For the entire simulation, we have a speedup of 1.43. For add_material and output_pvtu, the speedup is unchanged at 1.06. This is consistent with the claim that the work done in these functions does not scale with the number of degrees of freedom. Finally, the speedup from evaluate_thermal_physics is 1.45. As expected, the speedup increases with the duration of the simulation.

Now let’s discuss the difference in scaling between add_material, output_pvtu, and evaluate_thermal_physics. The main reason of the poor scaling of the first two functions is due to load balancing. There are two different strategies to partition the mesh:

partition all the cells equally between the processors: the issue with this strategy is that all the active cells may be attributed to a single processor. The other processors have no active cells and no work to perform in evaluate_thermal_physics. In the worse case, a single processor will have active cells until half the simulation is done.
partition all the active cells equally between the processors: this is the strategy that we have chosen. In this case, all the processors will have work to do in evaluate_thermal_physics. The issue is that the work done in add_material and output_pvtu is on the entire mesh.
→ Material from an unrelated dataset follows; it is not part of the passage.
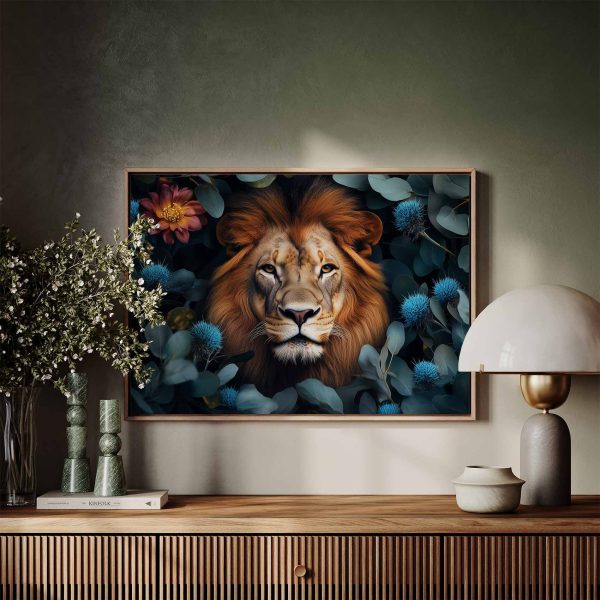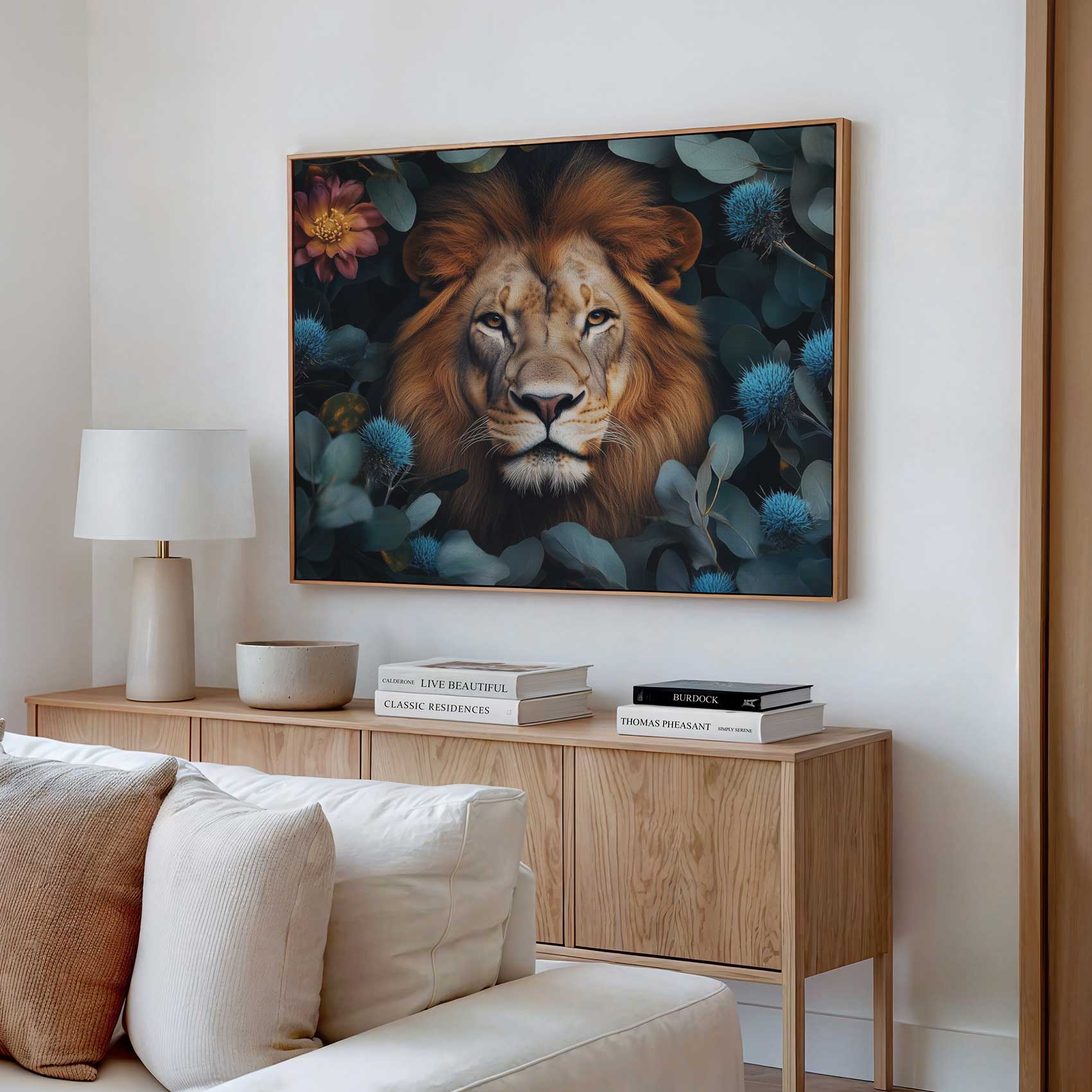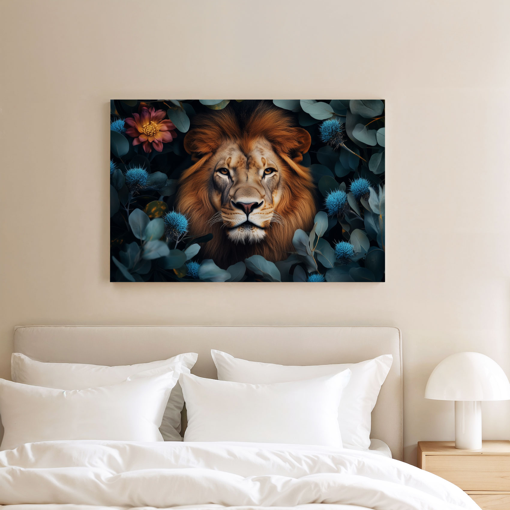 Terug naar collectie Canvas Majestueuze leeuw in groen

Their work is not restricted to the active cells. This explains why there are not as sensitive to the number of degrees of freedom, i.e., the number of active cells as `evaluate_thermal_physics. Since the partitioning algorithm only cares about the active cells, all the non-active cells are attributed to one processor which has a lot more operations to do. This explains the poor scaling of these functions.

We can see the effect describe above by looking the partitioning of the mesh at the end of the 1500 s simulation. First, we look at the partitioning of the active cells:

Bottom view of the mesh

Top view of the mesh

The cells are equally distributed between the two processors. Now let’s look at the partitioning of the entire mesh:

All the inactive cells have been given to processor 1.

Over the course of the simulation, more and more cells are activated and the load balancing improves.